_DATA EXTRACT_:
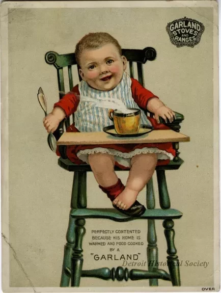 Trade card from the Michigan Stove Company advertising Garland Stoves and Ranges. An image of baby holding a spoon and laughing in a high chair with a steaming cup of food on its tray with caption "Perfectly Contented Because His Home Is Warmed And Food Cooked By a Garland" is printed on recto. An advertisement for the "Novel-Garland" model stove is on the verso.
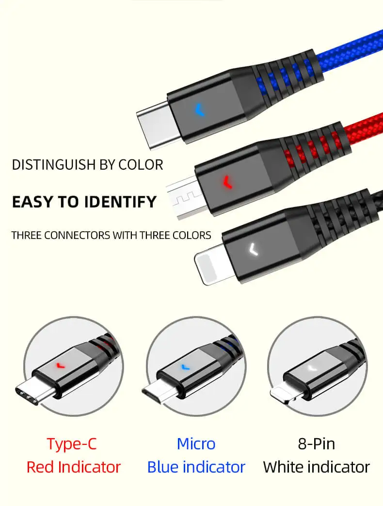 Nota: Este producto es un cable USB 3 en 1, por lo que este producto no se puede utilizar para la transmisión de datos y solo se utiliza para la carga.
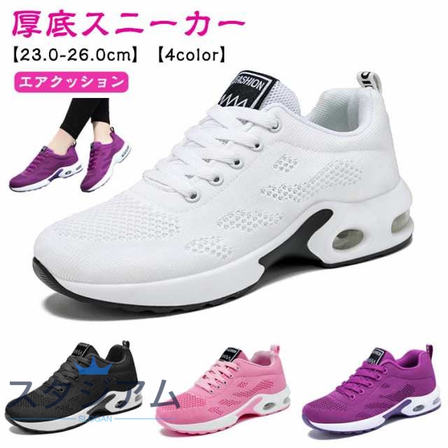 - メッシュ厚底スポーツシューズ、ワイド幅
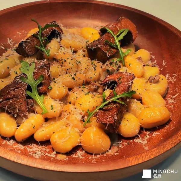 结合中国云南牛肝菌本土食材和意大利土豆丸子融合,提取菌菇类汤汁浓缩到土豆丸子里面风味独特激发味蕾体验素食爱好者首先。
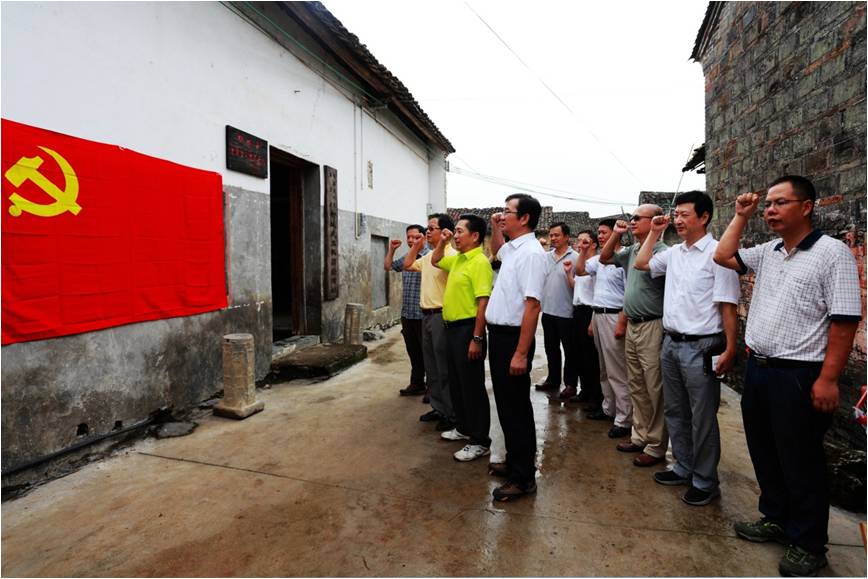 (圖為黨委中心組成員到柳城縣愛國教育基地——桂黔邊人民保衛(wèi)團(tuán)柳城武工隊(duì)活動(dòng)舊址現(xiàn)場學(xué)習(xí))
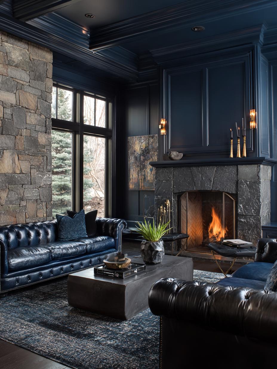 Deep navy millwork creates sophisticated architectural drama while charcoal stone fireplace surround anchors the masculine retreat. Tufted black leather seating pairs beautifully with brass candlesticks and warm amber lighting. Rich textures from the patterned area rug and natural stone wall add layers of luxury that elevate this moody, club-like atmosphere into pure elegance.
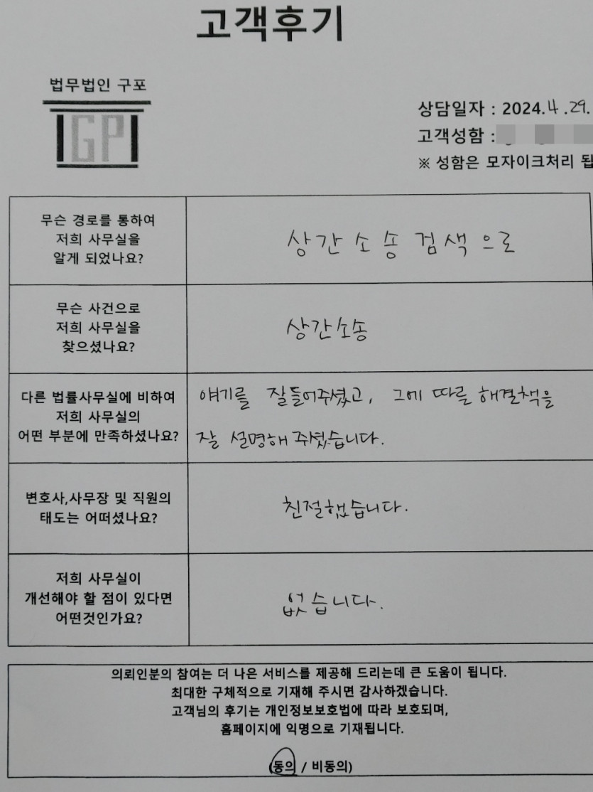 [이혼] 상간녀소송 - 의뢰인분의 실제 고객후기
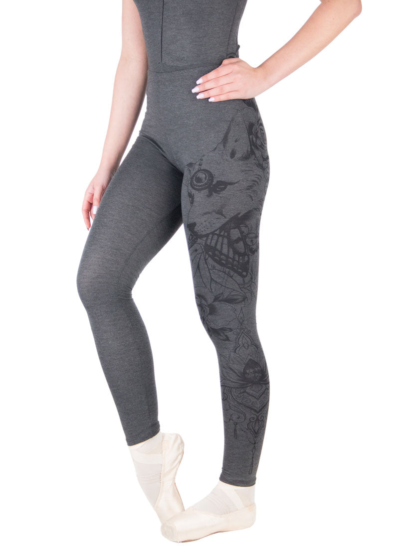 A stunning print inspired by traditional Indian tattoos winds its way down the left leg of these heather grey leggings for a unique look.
--
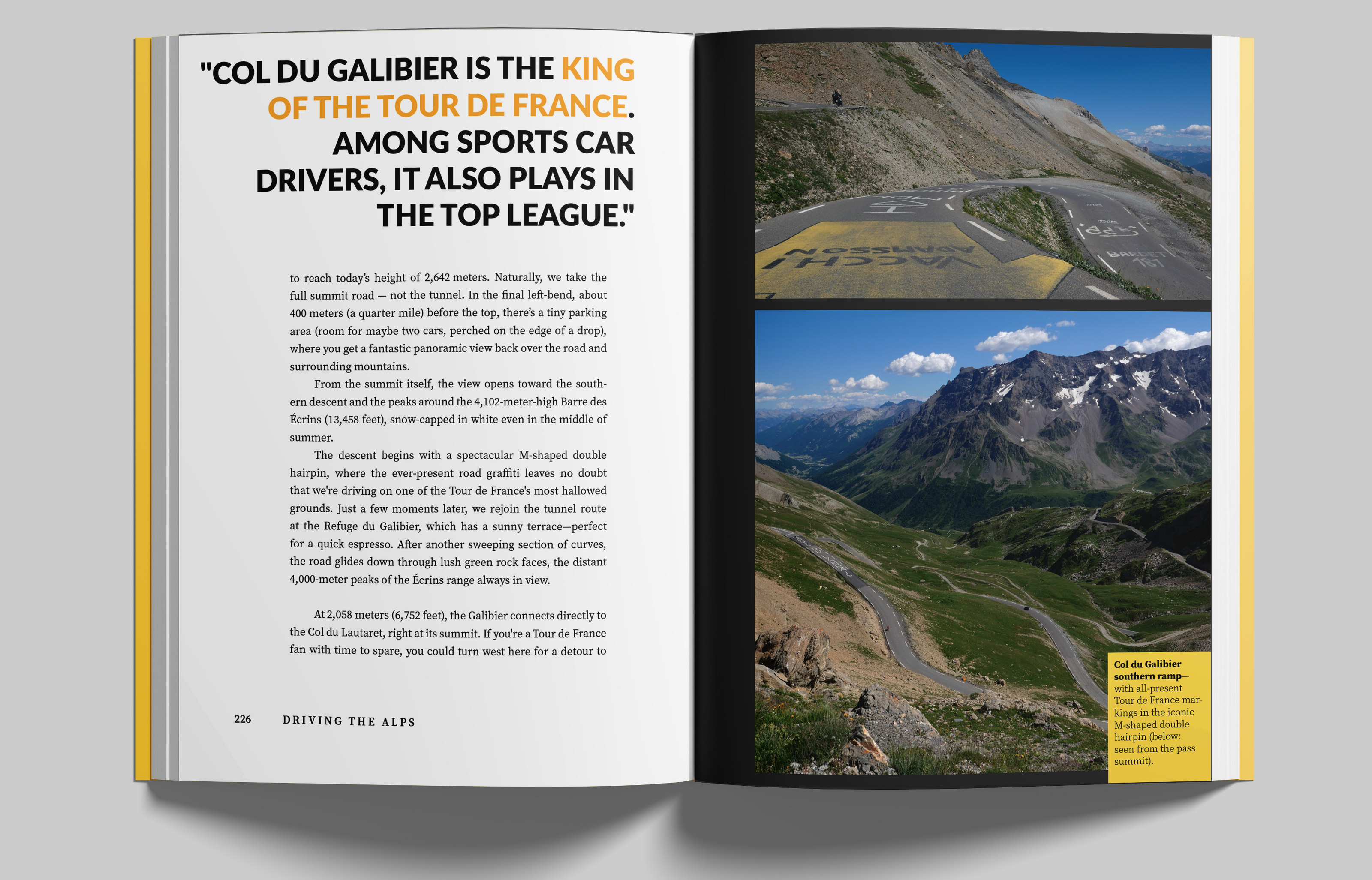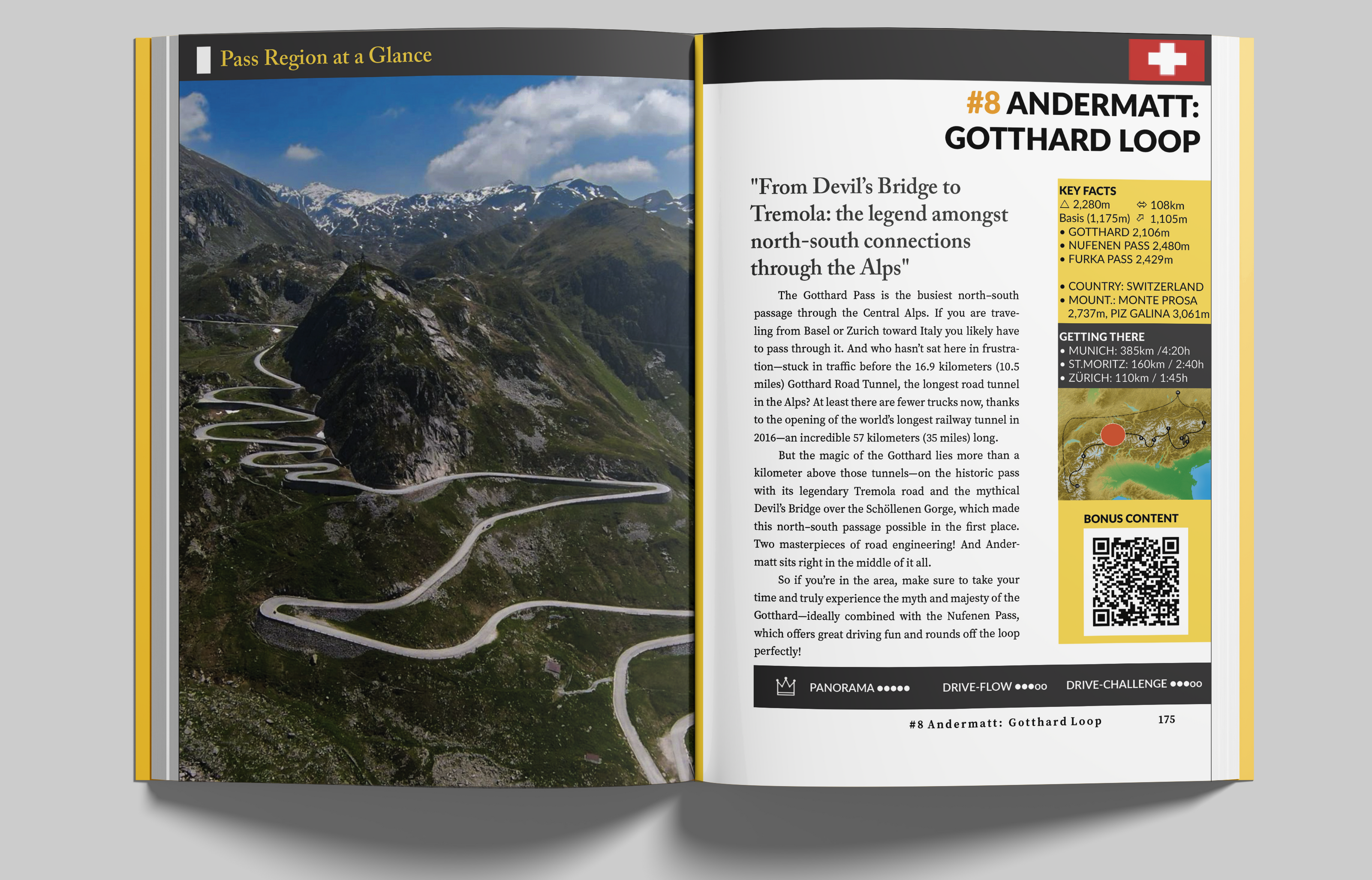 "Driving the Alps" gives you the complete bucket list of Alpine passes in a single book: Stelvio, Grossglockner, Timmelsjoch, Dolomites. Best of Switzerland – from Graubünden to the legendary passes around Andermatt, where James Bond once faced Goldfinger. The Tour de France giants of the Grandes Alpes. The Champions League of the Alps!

_TASK STATEMENT_: Word for word, restate the lines above from the one with "Trade card from" through the one with "Deep navy millwork", keeping both ends and dropping the pictures.

_EXERCISE SOLUTION_:
 Trade card from the Michigan Stove Company advertising Garland Stoves and Ranges. An image of baby holding a spoon and laughing in a high chair with a steaming cup of food on its tray with caption "Perfectly Contented Because His Home Is Warmed And Food Cooked By a Garland" is printed on recto. An advertisement for the "Novel-Garland" model stove is on the verso.
 Nota: Este producto es un cable USB 3 en 1, por lo que este producto no se puede utilizar para la transmisión de datos y solo se utiliza para la carga.
 - メッシュ厚底スポーツシューズ、ワイド幅
 结合中国云南牛肝菌本土食材和意大利土豆丸子融合,提取菌菇类汤汁浓缩到土豆丸子里面风味独特激发味蕾体验素食爱好者首先。
 (圖為黨委中心組成員到柳城縣愛國教育基地——桂黔邊人民保衛(wèi)團(tuán)柳城武工隊(duì)活動(dòng)舊址現(xiàn)場學(xué)習(xí))
 Deep navy millwork creates sophisticated architectural drama while charcoal stone fireplace surround anchors the masculine retreat. Tufted black leather seating pairs beautifully with brass candlesticks and warm amber lighting. Rich textures from the patterned area rug and natural stone wall add layers of luxury that elevate this moody, club-like atmosphere into pure elegance.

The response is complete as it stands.